Oh, personne ne le félicite vraiment de prendre des gens en otages et de menacer de déclencher un carnage (« Je viderai mon chargeur pour me défendre »[1]), bien entendu, mais l’on semble « comprendre le message » du bonhomme et même, pourquoi pas, y souscrire…

Sur Rue89, où Pierre Haski, converse aimablement avec Denisot pendant que, sur le trottoir, la police organise son intervention, on sent d’ailleurs assez bien l’empathie :

― Mais vous, vraiment, ça vous paraît antisémite, ça, ce que je fais ?
― Non. C’est pas présenté comme ça. Sur notre site où il y a pas mal de commentaires, il y a beaucoup de gens qui disent : « On est à Pôle emploi, on en a ras-le-bol, on comprend son geste, etc. ». Donc, je pense qu’une partie de votre message est effectivement passé et si c’était votre but, il est atteint…
― Bon ben je crois que je vais arrêter là, je vais téléphoner à [inaudible]…
―Je crois que vous avez effectivement provoqué un petit électrochoc et ça fera un gros débat…
― Ah ben moi, ce que je veux surtout, c’est démêler ces liens [inaudible] du paysage médiatique. Que Sammy Ghozlan[2] rende des comptes sur ses activités criminelles, et puis surtout la dissolution des associations mafieuses et foireuses, ça c’est vraiment le seul truc qui m’intéresse…

Le seul, mais pas celui qui préoccupe son interlocuteur, qui préfère poursuivre comme si de rien n'était sur le terrain d'une « précarité » dont on vient d'entendre qu'elle n'était pourtant qu'une motivation assez secondaire  :

― En tout cas (...) vous avez fait un geste critiquable dans la forme, mais vous avez certainement obtenu ce que vous vouliez, c’est à dire de faire passer votre message…
― Ah ben j’espère…

De fait, un chômeur qui pète les plombs au point de mettre en péril la vie d’agents du service public anonymes et la sienne propre, ce n’est peut-être pas le gars qu’on rêve d’embaucher au sortir d’un entretien : il y a sans doute des instabilités aigües qui se sentent dans ce genre de circonstances. Mais que ses délires puissent être convertis en positions politiques cohérentes parce qu'ils sonnent comme le prolongement du discours hessélien est terriblement perturbant.

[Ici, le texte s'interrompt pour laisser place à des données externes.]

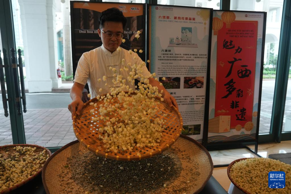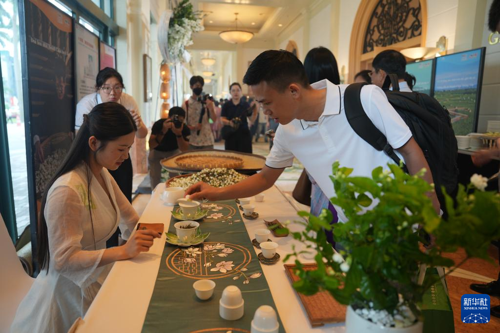 5月21日,中方工作人员在越南首都河内举办的推介活动上展示茉莉花茶工艺。新华社记者 胡佳丽 摄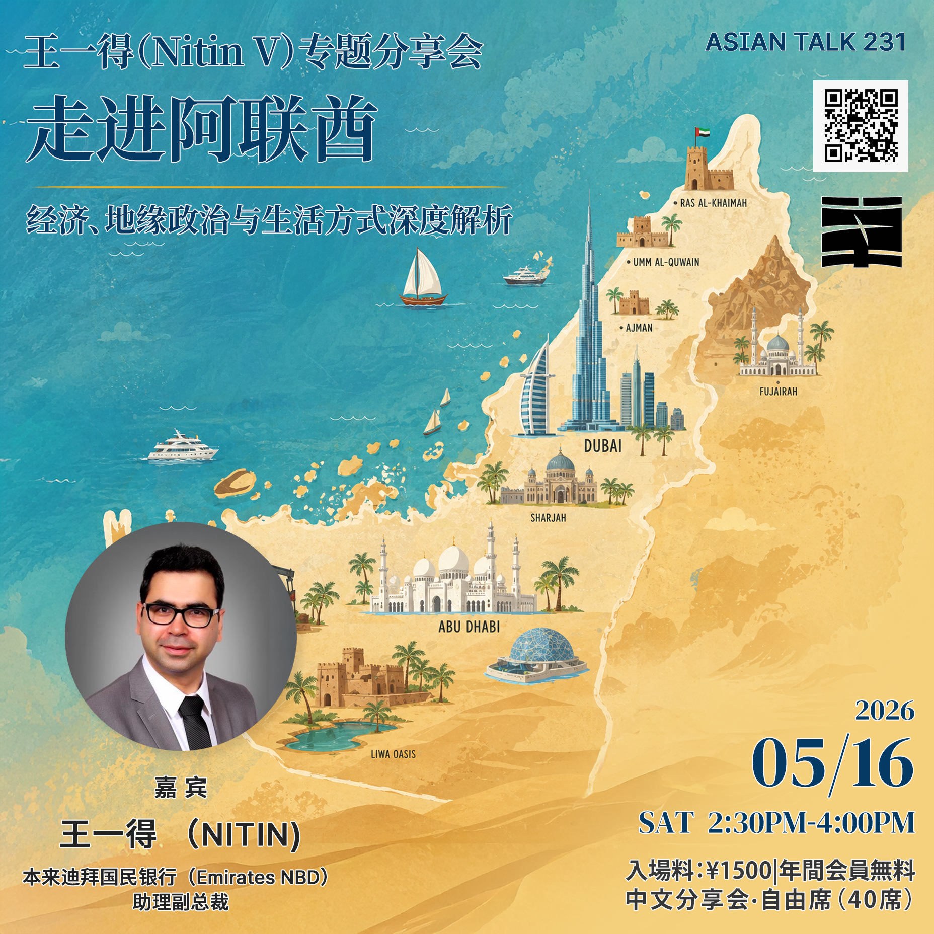 【活动主题】 走进阿联酋:王一得(Nitin V)专题分享会… 阅读更多 »Asian Talk 231 走进阿联酋:王一得(Nitin V)专题分享会 —经济、地缘政治与生活方式深度解析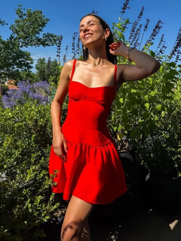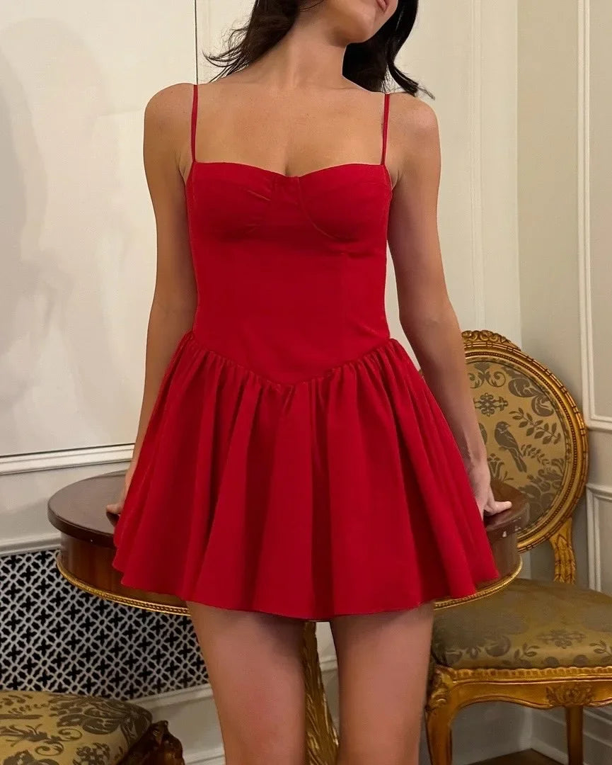 MQTIME - Fashion Red High Waist Pleated Mini Vestido Women Sleeveless Off Shoulder Low-cut Ruffle Chest Wrapped Slim Dress New Party Wear
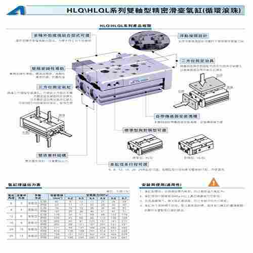 亚德客气缸:气缸负载大小由理论保持力(理论推力)决定,为确保气缸的正常使用,负载大小不可过下表规定的气缸理论保持力(理论推力);水平安装:径向负载不要过下表所示值。垂直安装:容许方向力矩不要过规定值,并根据负载与行程关系曲线确认几何数据注:建议负载与外部导向装置配套使用;气缸配管前,必须清除管内杂物,防止杂物进入气缸内气缸使用介质应经过40μm以上滤芯过滤后方可使用;气缸拆下长时间不使用,注意表面防锈,进排气口应加防尘堵塞帽,缸体外壁涂防锈油。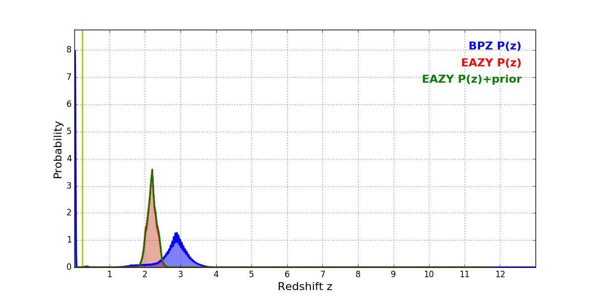 In P(z) plots: Yellow lines mark the cluster redshift z = 0.228,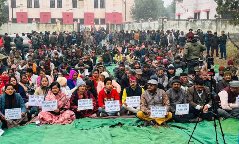 बिंदुखत्ता को राजस्व ग्राम घोषित करने की मांग को लेकर हजारों का धरना-प्रदर्शन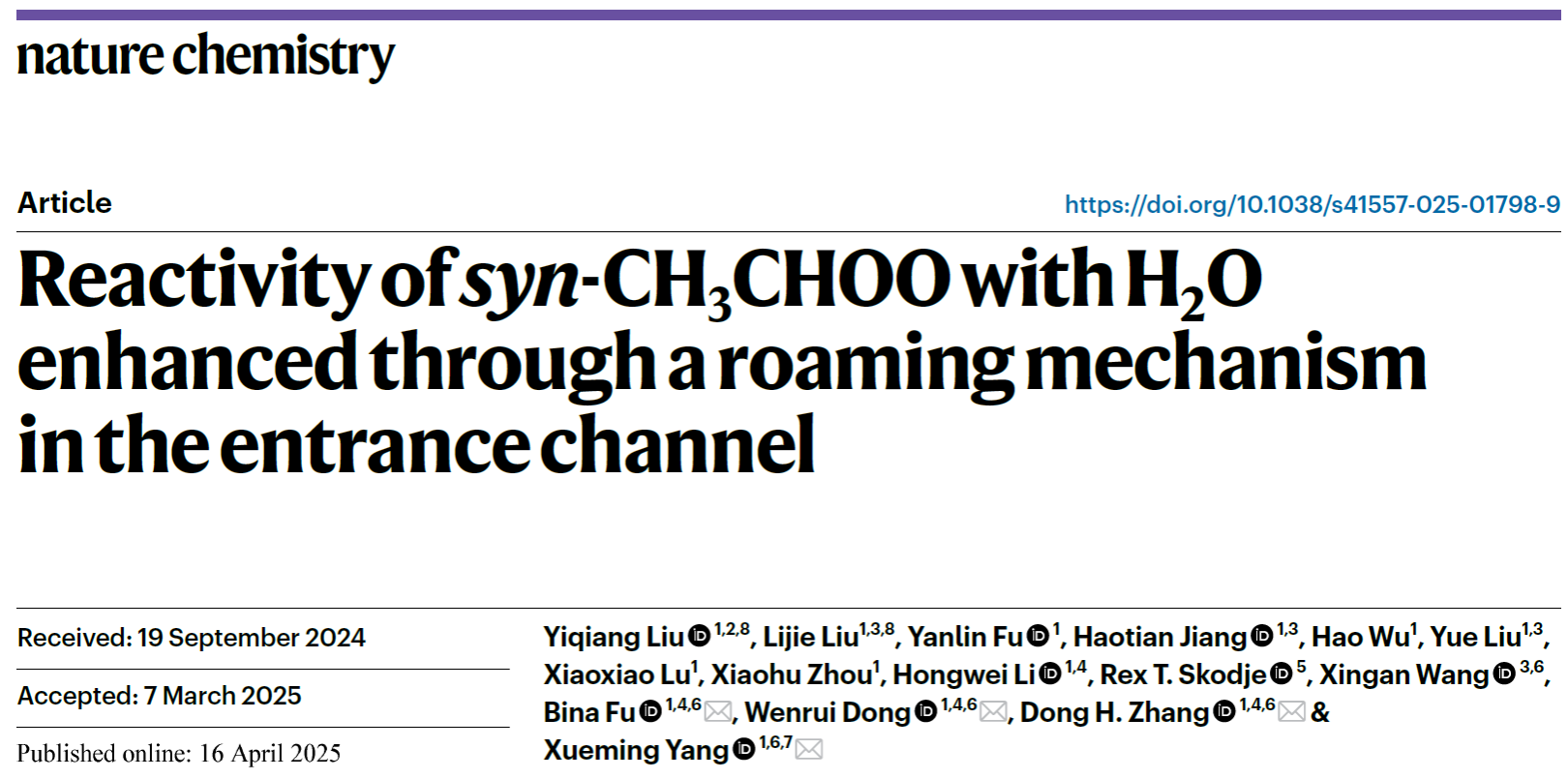 近日,我校材料科学与工程学院刘义强博士以第一作者在国际顶级学术期刊《Nature Chemistry》(IF=19.2)在线发表了题为“Reactivity of syn-CH3CHOO with H2O enhanced through a roaming mechanism in the entrance channel”的研究论文。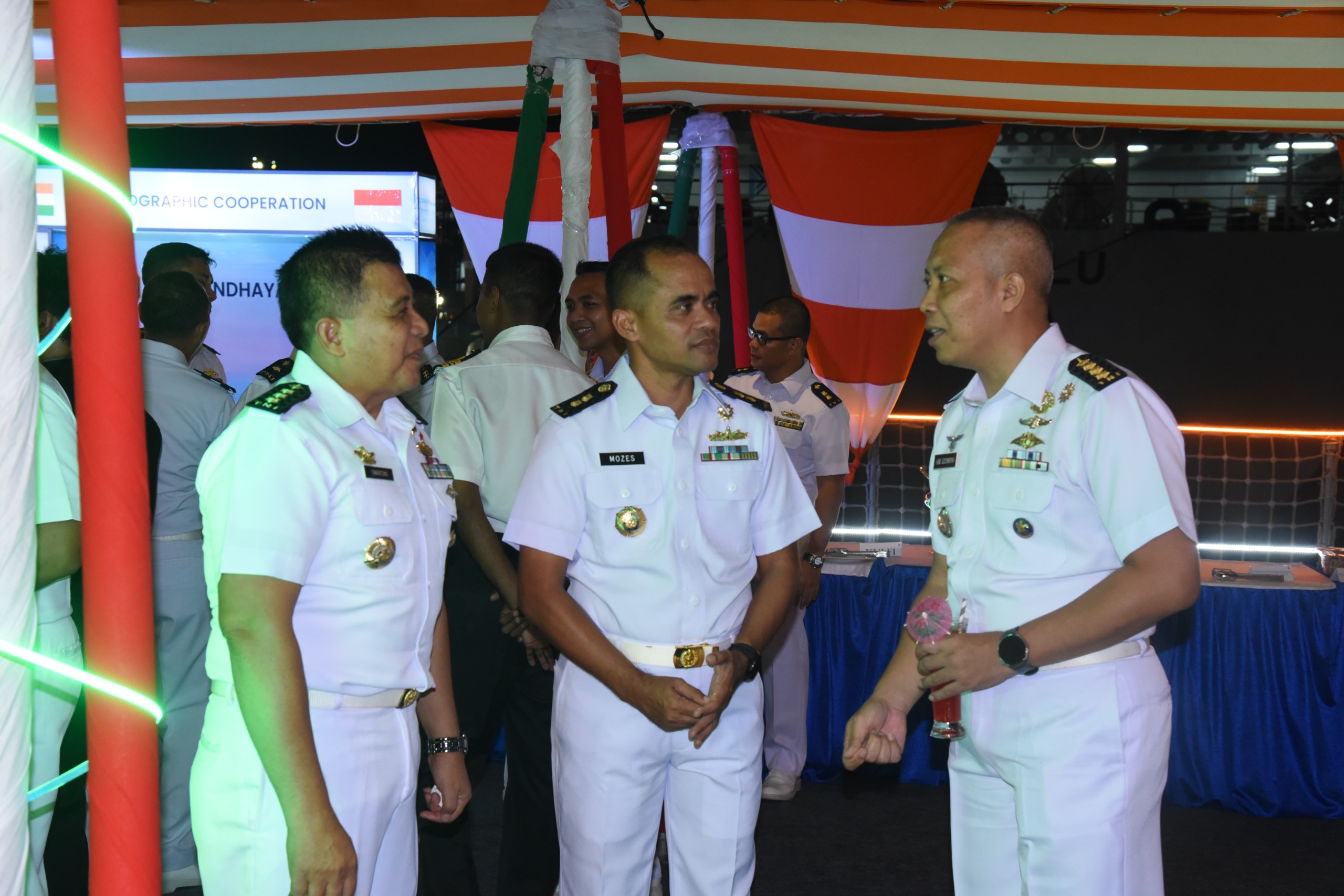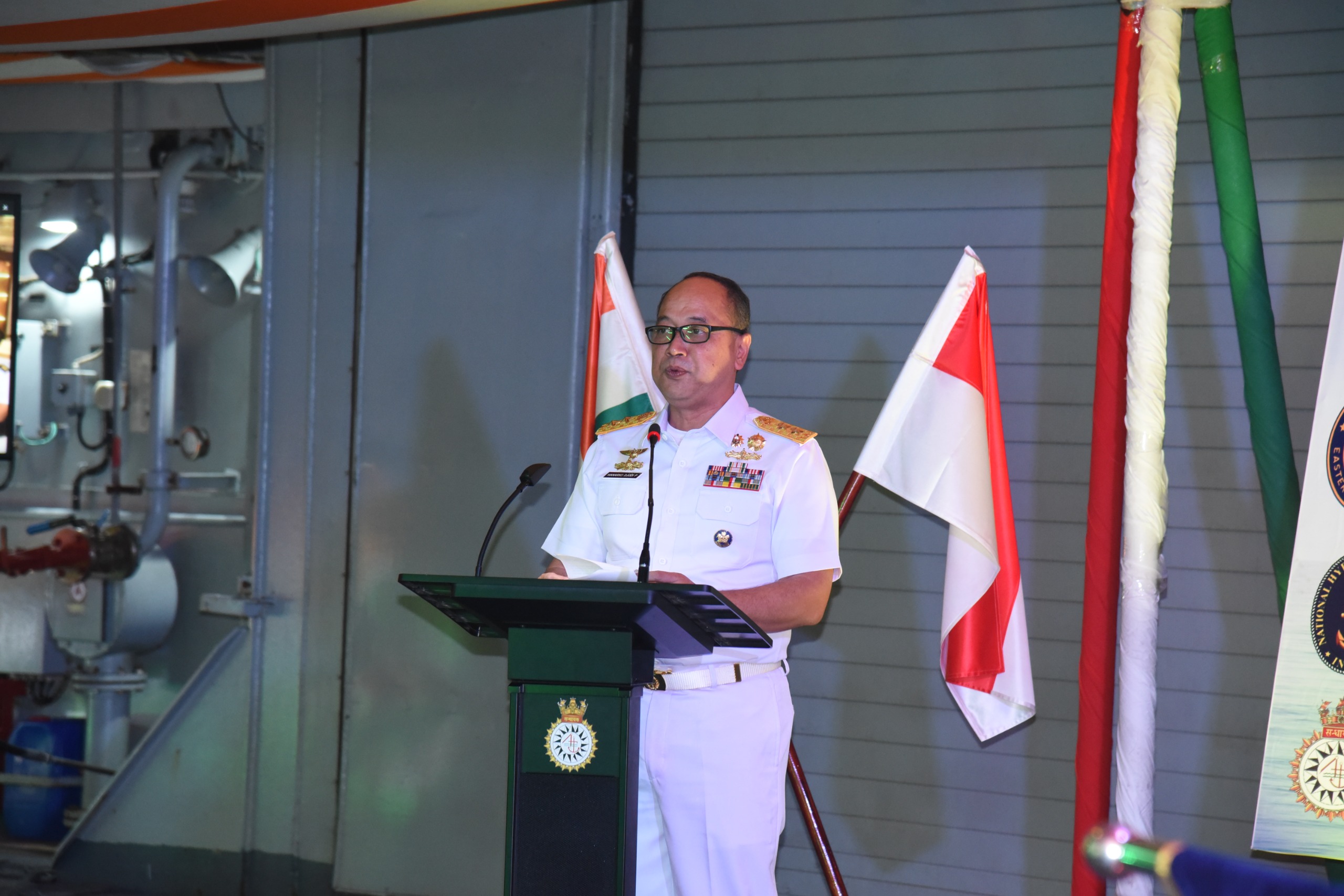 Dispen Kormar TNI Angkatan Laut (Jakarta). Komandan Korps Marinir Mayor Jenderal TNI (Mar) Dr. Endi Supardi, S.E., M.M., M.Tr.Opsla., CHRMP., CRMP., diwakili Askomlek Dankormar Kolonel Marinir Didiet Hendra Wijaya, M.Mp., dan Wakil Komandan Korps marinir Brigadir Jenderal TNI (Mar) Muhammad Nadir, M.Tr.Opsla., diwakili Kadis Komplek Letkol Mar Ade Lesmono, M.Tr.Opsla., menghadiri undangan Dubes India untuk Indonesia Deck Reception onboard the Ship atau makan malam di atas kapal perang India dalam rangka Kunjungan Kapal Perang INS Sandhayak di Dermaga 107, Tanjung Priok, Jakarta Utara. Rabu (23/07/2025).

Et sur quoi peut-on être possiblement d’accord avec le preneur d’otages : sur l’influence des « sionistes » sur le gouvernement français (et qui sont ces « sionistes »?) ? Sur leur rôle dans l’incapacité d’un informaticien de quarante ans à décrocher un CDI ? Sur les liens qui existent entre la question israélo-palestinienne et la crise économique ? Ou sur le chômage en général, qui est un drame et qui fait faire de drôle de trucs à de braves gens ?

On reste indécis. Et bien mal à l’aise.



[1] On sait désormais que le pistolet était factice, mais c’est une information que ni les otages ni les policiers ne possédaient.

[2] Un commissaire de police en retraite, animateur du BNCV (Bureau National Contre l’Antisémitisme), une association ne brillant guère par sa subtilité et son sens de la mesure.